2019-09-09: Introducing sumgram, a tool for generating the most frequent conjoined ngrams

Comparison of top 20 (first column) bigrams, top 20 (second column) six-grams, and top 20 (third column) sumgrams (conjoined ngrams) generated by sumgram for a collection of documents about the 2014 Ebola Virus Outbreak. Proper nouns of more than two words (e.g., "centers for disease control and prevention") are split when generating bigrams, sumgram strives to remedy this. Generating six-grams surfaces non-salient six-grams. Click image to expand.

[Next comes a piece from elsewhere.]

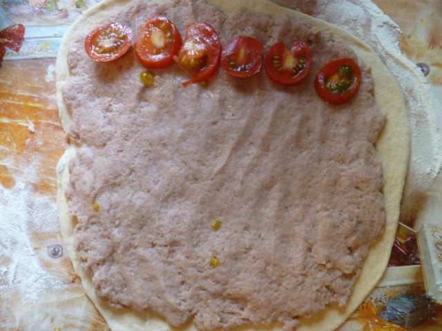 На тонко раскатанное тесто выложить тонким слоем фарш. На один край выложить порезанный помидор.

A Web archive collection consists of groups of webpages that share a common topic e.g., “Ebola virus” or “Hurricane Harvey.” One of the most common tasks involved in understanding the "aboutness" of a collection is generating the top k (e.g., k = 20) ngrams. For example, given a collection about Ebola Virus, we could generate the top 20 bigrams as presented in Fig. 1. This simple operation of calculating the most frequent bigrams unveils useful bigrams that help us understand the focus of the collection, and may be used as a summary for the collection. For example, the most frequent bigram, "ebola virus" validates our prior knowledge about the collection topic, and the second bigram "west africa," provides geographical information related to the disease. 

Closer inspection however exposes a serious native defect of the bigrams summary - splitting multi-word proper nouns. Since the bigrams method splits terms into word pairs, all proper nouns with more than two words are split. For example, the trigram "world health organization" was split into two bigrams ("world health" - rank 7) and ("health organization" - rank 10). Also the six-gram "centers for disease control and prevention" was split into three bigrams: "disease control" - rank 9, "centers disease" - rank 12, and "control prevention" - rank 13. The splitting of multi-word proper nouns was easy to detect in this example because I am familiar with the Ebola Virus subject,  so it is possible that the split might go unnoticed if I am presented with bigrams for a collection I am not familiar with. The need to avoid splitting or fixing the splitting of multi-word proper nouns motivated the development of sumgram.

Ngrams vs. Sumgrams
To estimate the aboutness of a collection we could generated bigrams (n=2) or trigrams (n=3). Irrespective of the value of n, we only generate terms of the same ngram class. For example, in Fig. 1, bigrams were generated, so it is not possible to find a trigram term in the list. Fixing split multi-word proper nouns involves "gluing" together ngrams. For example, if we sum the bigrams "world health" and "health organization," the result is the trigram "world health organization." This means in our effort to conjoin split bigrams we could end up with a summary that consists of bigrams, trigrams, four-grams, five-gram, six-grams, etc (Fig. 1, column 1). A higher-order ngram (e.g., "world health organization") generated by conjoining lower-order ngrams (e.g., "world health" and "health organization"), we call a sumgram. In other words, sumgrams are formed by conjoining multiple lower-order ngrams. This means a collection summarized with sumgrams could include multiple different ngram classes (bigrams, trigrams, four-grams, five-grams, etc.). For example, as seen in Fig. 1, column 1, the first term ("ebola virus") is a bigram, the second term ("in west africa"), a trigram, the sixth - four-gram, the eighth - six-gram.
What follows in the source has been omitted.